TEXT: VOLKER K. BELGHAUS
Der Werkzeugkasten und der Akkuschrauber können getrost im Keller bleiben – genauso wie der Beutel mit der Inbusschlüssel-Sammlung vom Möbelskandinavier im Gewerbegebiet, die man schon längst entsorgt haben wollte. Für den Aufbau des Tisches »plug(n)ply I« sind derlei Hilfsmittel nicht nötig. Die vier einzelnen Elemente, die als Unterkonstruktion dienen, und die Tischplatte werden werkzeuglos und rasch zusammengesteckt; zwei straff gespannte, farbige Seile stabilisieren das Ganze. Alles ganz einfach – bisher haben sich lediglich zwei leicht überforderte Kunden bei »Stückwerk« zurückgemeldet, die mit der Konstruktion beim ersten Versuch nicht zurechtkamen.
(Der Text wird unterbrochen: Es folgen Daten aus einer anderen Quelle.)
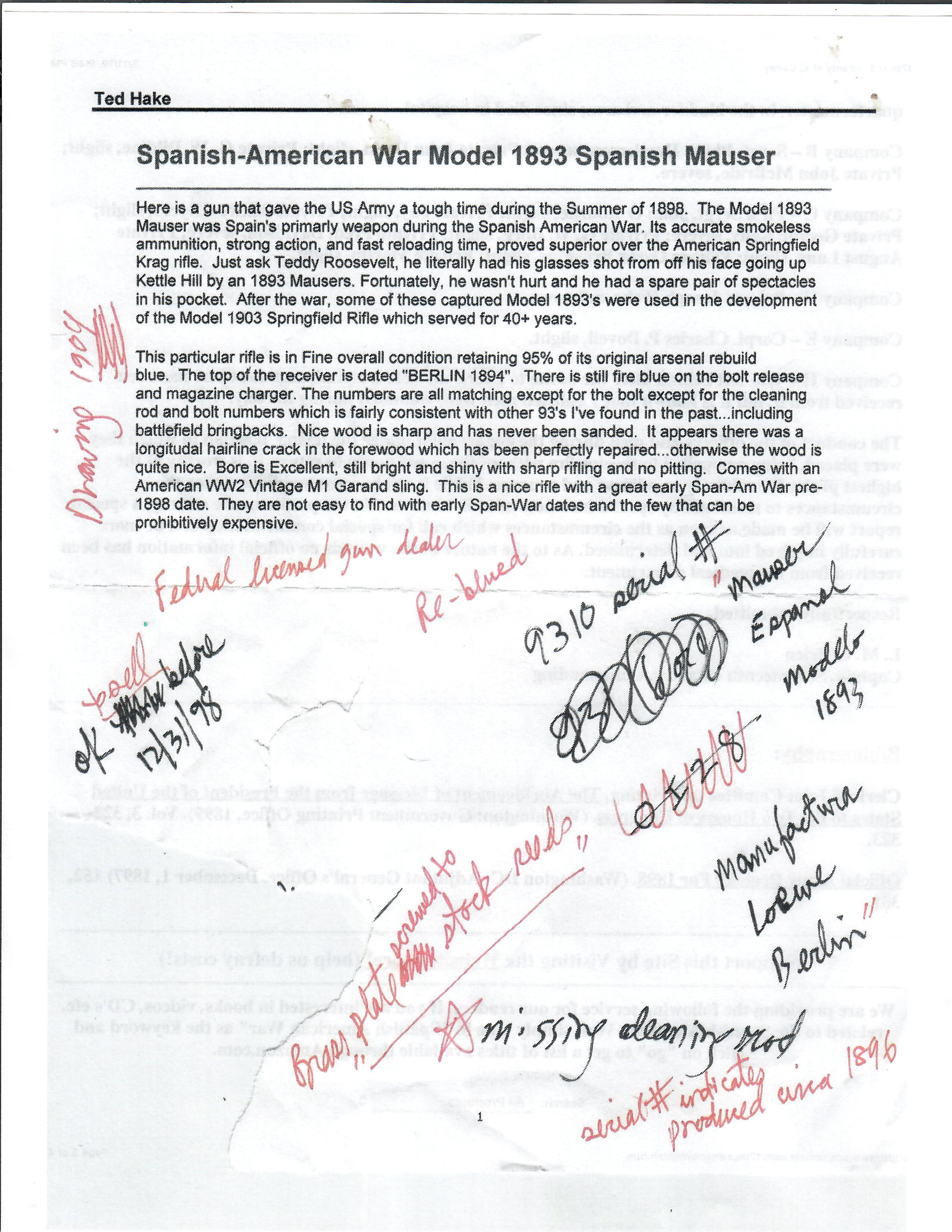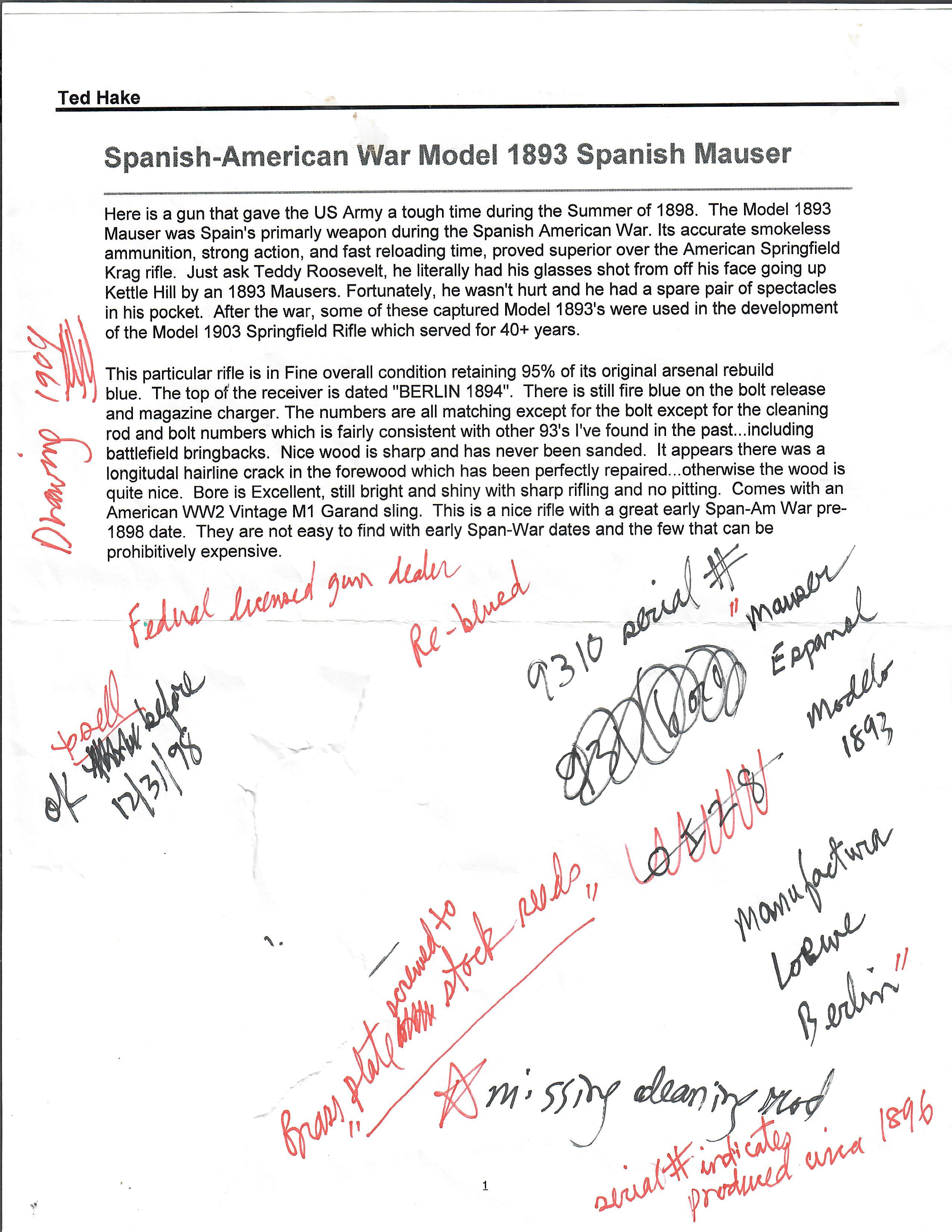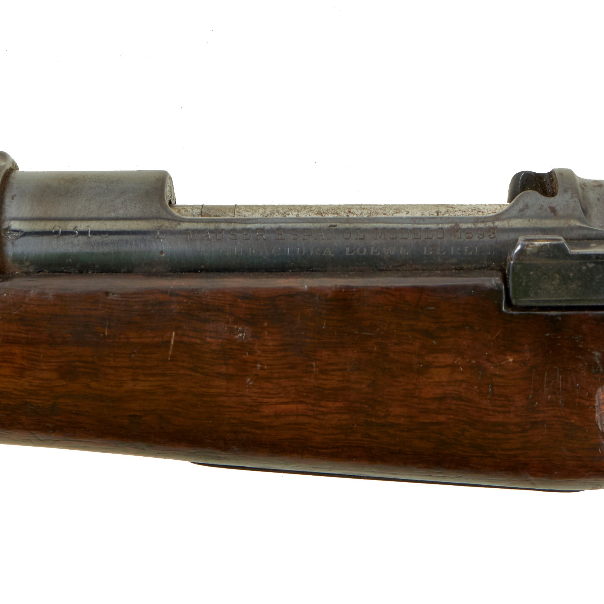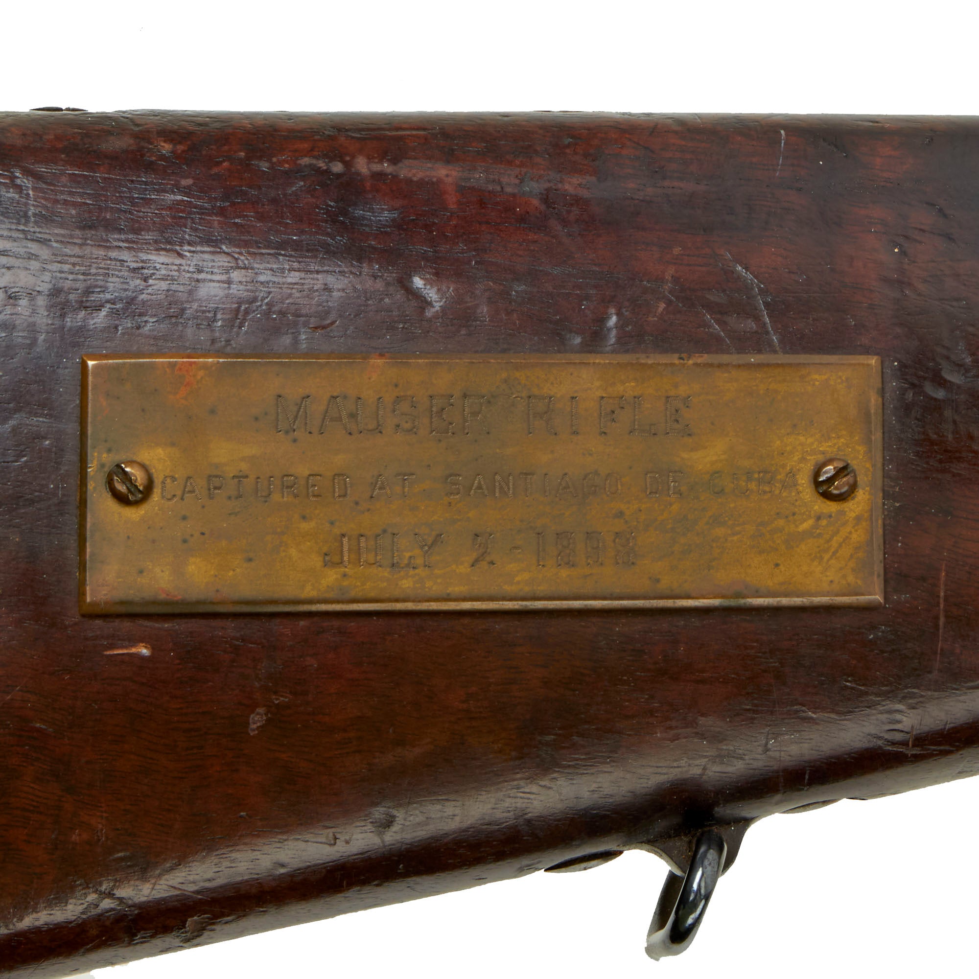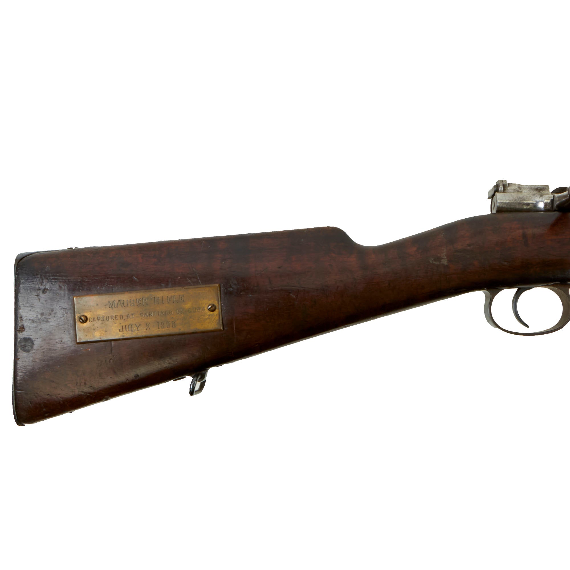 -Burnett's souvenired Spanish Mauser with brass trophy plate screwed to the stock: MAUSER RIFLE/CAPTURED AT SANTIAGO DE CUBA/JULY 2, 1898. The breach is stamped: 9310 MAUSER ESPANOL MODELO 1893/MANUFACTURA LOEWE BERLIN Trigger guard assembly also stamped 9310. Top of the receiver is stamped: BERLIN 1894. Condition is very good to fine for both metal and stock.

Die Grundidee hinter »plug(n)ply I« entstammt einer Semesterarbeit der beiden Tischler und Designstudenten René Struttmann und Johannes Laue von der FH Dortmund. Aufgabe war die Entwicklung eines Tischgestells, die Struttmann und Laue mit der einfachen und doch ungewöhnlichen Seilkonstruktion lösten. Ihre Dozentin erkannte das Potenzial der Idee und bestärkte die beiden, mit ihrem Proto-Typ an die Öffentlichkeit zu gehen und ihn zu vermarkten. Sie meldeten mit »Stückwerk« ein Gewerbe an, das sich aber nicht als Tischlerei, sondern als Designbüro versteht und präsentierten »plug(n)ply I« im Frühjahr auf der »Designers Fair«-Messe während der Kölner »Passagen«. Die Indie-Möbelmesse spülte ihnen genau die richtige, design- und trend-affine Zielgruppe vor den Tisch – erste Kontakte wurden geknüpft, u.a. zur Online-Designplattform »Monoqi«, die nun auch die Möbel von »Stückwerk« vertreibt.
»plug(n)ply I« wird aus schichtverleimtem Birkenholz gefertigt. Interessenten können sich den Tisch aus verschiedenen Komponenten zusammenstellen – so gibt es die Tischplatte in geölter Birke-Natur, aber auch in einer weiß beschichteten Ausführung. Auch die Seilschaft unter der Platte ist in verschiedenen Farben erhältlich, wie dem momentan schwer angesagten, blassen Mintgrün. Neben »plug(n)ply II«, einer kleineren Tischvariante mit ähnlichem Stecksystem, haben Struttmann und Laue mit »work(n)travel I« einen Schreibtisch entworfen, der zwar von der typischen Linienführung, den bogenförmigen Kanten und markant nach außen gestellten Tischbeinen, perfekt in die »Stückwerk«-Kollektion passt, aber einen gewaltigen Unterschied aufweist. Die Tischbeine stecken in vergleichsweise grobschlächtigen, pulverbeschichteten Verbindungselementen aus Stahlblech und sind darin mit dicken Schrauben fixiert. Was wie ein inkonsequenter Stilbruch wirkt, soll ein gestalterisches Statement sein: »Wir wollten damit bewusst einen Kontrast zu den bisherigen Entwürfen schaffen«, sagt René Struttmann. Zudem lässt sich bei »work(n)travel I« ein kleiner Teil der Schreibtischplatte herauslösen und als durchdachte Kabeldurchführung nutzen.
Für ihr aktuelles Objekt haben Struttmann und Laue aber erneut begonnen, Strippen zu ziehen. Man sollte als Designer halt nichts ausschließen. Diesmal ist es ein Stuhl, bei dem zwar nichts mehr gesteckt, aber alle Bauteile raffiniert zusammengeschnürt werden – eine mutige Technik, die zu erstaunlicher Stabilität führt. Auf ihrer Webseite ist das Sitzmöbel momentan noch als Entwurf gelistet, hat mittlerweile aber Marktreife erlangt und wird, genau wie der Tisch »plug(n)ply II«, von der »WfB-Werkstatt für Behinderte Lippstadt« hergestellt.